Are their abstracts available for everything?
- DV: Yes, however the quality varies
You mention the sandbox, can you just select the folder and drag it to your desktop?
- DV: Let's see. Yes, it worked.
- windows filesystems let you add a comment to files, which would help for sorting
MF: how important is write access vs improvements to the read-only access?
- should make the read only access more useful before progressing to the write capability
When you make alterations to the datasets, creating new sets, where does it get stored?
- DV: It depends on where you put it. (Concern about these sets getting lost)
DV: how many people would/wouldn't want to use this type of system?
- Social scientist says she wouldn't use this type of program, due to privacy/security concerns
What if someone wants to use a subsect a data set?
- DV: In the future we will be able to provide that kind of service.
What about translating the information in to several languages?
- DV: it isn't a problem to do a rough translation, but it is much more difficult to do an accurate translation. It depends on the language in which an individual is running the package.
add user ratings? and allow users to adjust their search results based on ratings and identities of the raters
windows doesn't allow files to be copied if the file name is longer than a specific length
When there are too many keywords, can they be collapsed into a first letter?
- DV: yes.
Is there required metadata that goes into the facets?
- Yes, and the performance doesn't suffer much.
Are there any measures of similarity in finding data sets? (suggestion)
- could be uncovered as the usage increases, similar to Amazon algorithm (you might also like... suggestion)
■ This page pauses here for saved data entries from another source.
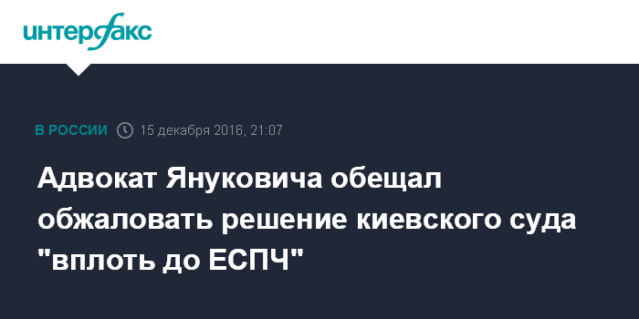 Москва. 15 декабря. INTERFAX.RU - Адвокат экс-президента Украины Виктора Януковича Виталий Сердюк сообщил, что решение Печерского районного суда Киева, который поддержал ходатайство прокурора о разрешении на задержание его клиента, будет обжаловано во всех соответствующих судах, вплоть до Европейского суда по правам человека (ЕСПЧ).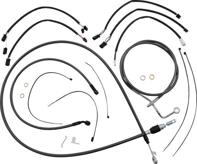 Kit installation guidon Magnum 06101011: Caractéristiques: Kit de câbles MAGNUM SHIELDING Black Pearl? (Réf. fabricant : 487281) Ce kit d?installation dédié aux guidons « ape hanger » (avec rehausseurs 2") regroupe l?ensemble des câbles et durites nécessaires pour une installation propre et homogène sur machines routières/touring. Finiti …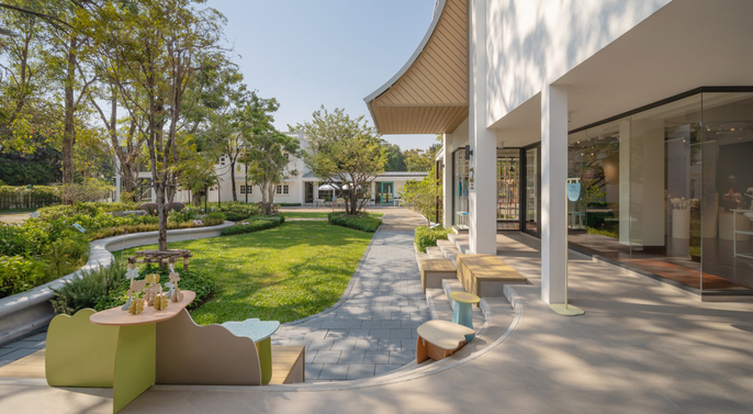 สำหรับ “ปัจจุบัน Playground” เป็นสนามเด็กเล่นที่พัฒนาขึ้นภายใต้แนวคิดการเรียนรู้ผ่านการอยู่กับปัจจุบัน โดยออกแบบให้เป็น Interactive Space ที่ชวนให้เด็กๆ และครอบครัวได้ใช้เวลาร่วมกัน ผ่านการเรียนรู้ 4 ปัจจัยหลัก ได้แก่ หาเหตุ, สังเกตเป็น, เย็นได้ และเปิดใจกว้าง ซึ่ง THINKK Studio ได้นำแนวคิดดังกล่าวมาถ่ายทอดผ่านการดีไซน์พื้นที่และเฟอร์นิเจอร์ให้สามารถใช้งานได้จริง ควบคู่ไปกับการกระตุ้นพัฒนาการของเด็ก ทั้งด้านการเคลื่อนไหว การสังเกต และการสื่อสาร รวมถึงการเสริมสร้างความสัมพันธ์ในครอบครัว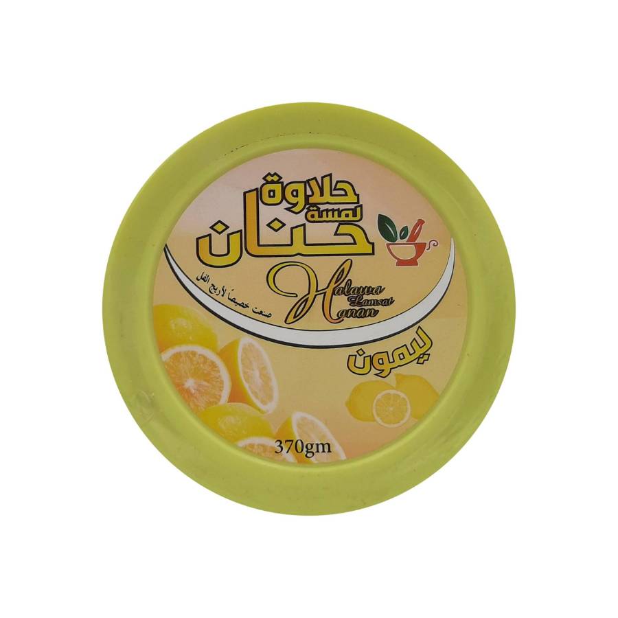 حلاوة حنان بالليمون هي نوع من الحلوى أو الطحينة الحلوة. تأتي بوزن 370 جرام بنكهة الليمون.

Filename browsing is difficult - how do I know what to choose?
- maybe title string and I'd

Some place take datasets I find, my space, don't have to find them again -
bookmarks

IDs move around, new version, what can be trackable

Filter on Geography.

Provide a search. - do in ONE Mercury as search, drag into file system

Take uncontrolled keywords and map to controlled - could do on MN basis for
their controlled vocab.

MN listing of data set

Add comment to file itself at your desktop - right click in windows,
attributes.

Folder coloring option in MAC

Display on screen of science metadata or data to tell if it will work with
your application.

Generate citation records can take into endnote

What about google desktop - chaining queries. Filter within filter that is
in place

Some portions are ready only and some writeable

Key is for write, have a bunch of pieces, can't take 30 minutes to do.

Issue - role of MN

Social science data - have to have controlled access

Potential subsetting

Priority with integration on ONEMercury is high - take a link from Mercury
into OS is big - would be a deciding factor
Improving Read Only, queries, filter, fix filename

International language support. Generate multi-lingual abstract

Data object user rating - then filter on star, who rated it!

Filter on data for use with a separate software

Like adopted interface people familiar.

Folder lengths may be an issue issues of how many files in a directory.

Collapse of keywords in alphabet or grouping.

Top level view across the data to allow drilling down - high level view

Any measure of similartly, want something similar to this.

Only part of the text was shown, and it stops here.